▸ **TASK ITEM**
In the listing below, find the line with "7月質量檢查月,新思路裝飾展" and the line with "Firearm*** ***Modern Firearm***". Repeat those two lines and all lines between them exactly.

##### DATA #####

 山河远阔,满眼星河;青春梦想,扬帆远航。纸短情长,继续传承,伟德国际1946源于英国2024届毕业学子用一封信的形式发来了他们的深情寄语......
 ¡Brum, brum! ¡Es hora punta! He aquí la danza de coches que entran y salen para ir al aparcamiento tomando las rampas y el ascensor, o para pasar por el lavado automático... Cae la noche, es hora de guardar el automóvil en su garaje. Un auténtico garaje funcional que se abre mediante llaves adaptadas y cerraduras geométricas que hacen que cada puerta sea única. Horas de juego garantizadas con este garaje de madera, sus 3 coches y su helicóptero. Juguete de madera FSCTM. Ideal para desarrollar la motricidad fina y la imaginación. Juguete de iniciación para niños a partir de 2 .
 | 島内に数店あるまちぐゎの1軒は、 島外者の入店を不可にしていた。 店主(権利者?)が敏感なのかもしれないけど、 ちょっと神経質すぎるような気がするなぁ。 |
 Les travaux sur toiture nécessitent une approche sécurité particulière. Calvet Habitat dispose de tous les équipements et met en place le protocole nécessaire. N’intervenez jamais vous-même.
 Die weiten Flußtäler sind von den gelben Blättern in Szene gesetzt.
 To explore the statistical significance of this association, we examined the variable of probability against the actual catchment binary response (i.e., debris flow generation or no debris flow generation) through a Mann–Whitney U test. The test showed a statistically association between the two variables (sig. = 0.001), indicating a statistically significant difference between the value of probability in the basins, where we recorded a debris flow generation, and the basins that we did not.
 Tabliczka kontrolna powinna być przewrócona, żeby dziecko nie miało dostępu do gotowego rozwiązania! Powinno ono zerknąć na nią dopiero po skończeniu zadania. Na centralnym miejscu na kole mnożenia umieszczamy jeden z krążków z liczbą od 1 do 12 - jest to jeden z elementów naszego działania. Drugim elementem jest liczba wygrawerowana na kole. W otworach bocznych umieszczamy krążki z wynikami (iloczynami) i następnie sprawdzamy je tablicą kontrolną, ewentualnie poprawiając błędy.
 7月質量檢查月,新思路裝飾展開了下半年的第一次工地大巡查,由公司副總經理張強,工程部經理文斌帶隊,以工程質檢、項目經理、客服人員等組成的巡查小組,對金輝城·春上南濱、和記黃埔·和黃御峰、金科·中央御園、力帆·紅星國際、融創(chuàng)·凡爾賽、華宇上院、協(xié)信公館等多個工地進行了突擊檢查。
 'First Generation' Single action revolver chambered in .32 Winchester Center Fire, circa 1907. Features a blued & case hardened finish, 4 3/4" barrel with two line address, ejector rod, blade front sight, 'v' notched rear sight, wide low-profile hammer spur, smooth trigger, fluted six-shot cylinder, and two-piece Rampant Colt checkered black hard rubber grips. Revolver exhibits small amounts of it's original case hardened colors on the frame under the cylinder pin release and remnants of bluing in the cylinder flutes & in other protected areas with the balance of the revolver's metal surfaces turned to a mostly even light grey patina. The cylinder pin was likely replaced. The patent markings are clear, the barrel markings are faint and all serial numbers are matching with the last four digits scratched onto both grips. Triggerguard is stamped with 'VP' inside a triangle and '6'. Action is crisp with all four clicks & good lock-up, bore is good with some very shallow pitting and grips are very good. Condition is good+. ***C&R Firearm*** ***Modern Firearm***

#####
##### DATA #####

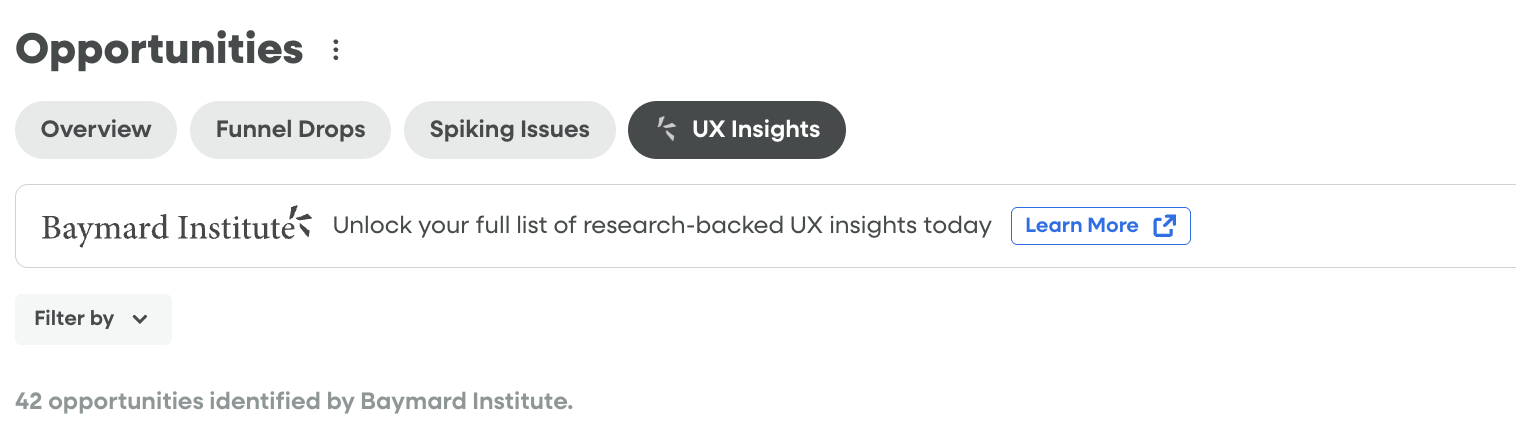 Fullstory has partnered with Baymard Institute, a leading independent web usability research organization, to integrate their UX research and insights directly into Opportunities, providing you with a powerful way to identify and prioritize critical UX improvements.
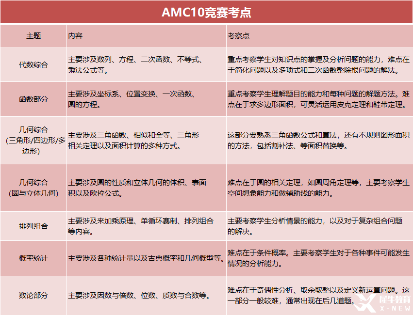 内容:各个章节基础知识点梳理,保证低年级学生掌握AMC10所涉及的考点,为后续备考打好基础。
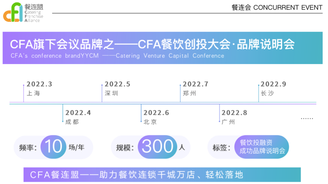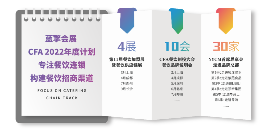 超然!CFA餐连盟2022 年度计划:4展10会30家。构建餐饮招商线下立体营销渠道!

#####

▸ **SOLVED EXERCISE**
 7月質量檢查月,新思路裝飾展開了下半年的第一次工地大巡查,由公司副總經理張強,工程部經理文斌帶隊,以工程質檢、項目經理、客服人員等組成的巡查小組,對金輝城·春上南濱、和記黃埔·和黃御峰、金科·中央御園、力帆·紅星國際、融創(chuàng)·凡爾賽、華宇上院、協(xié)信公館等多個工地進行了突擊檢查。
 'First Generation' Single action revolver chambered in .32 Winchester Center Fire, circa 1907. Features a blued & case hardened finish, 4 3/4" barrel with two line address, ejector rod, blade front sight, 'v' notched rear sight, wide low-profile hammer spur, smooth trigger, fluted six-shot cylinder, and two-piece Rampant Colt checkered black hard rubber grips. Revolver exhibits small amounts of it's original case hardened colors on the frame under the cylinder pin release and remnants of bluing in the cylinder flutes & in other protected areas with the balance of the revolver's metal surfaces turned to a mostly even light grey patina. The cylinder pin was likely replaced. The patent markings are clear, the barrel markings are faint and all serial numbers are matching with the last four digits scratched onto both grips. Triggerguard is stamped with 'VP' inside a triangle and '6'. Action is crisp with all four clicks & good lock-up, bore is good with some very shallow pitting and grips are very good. Condition is good+. ***C&R Firearm*** ***Modern Firearm***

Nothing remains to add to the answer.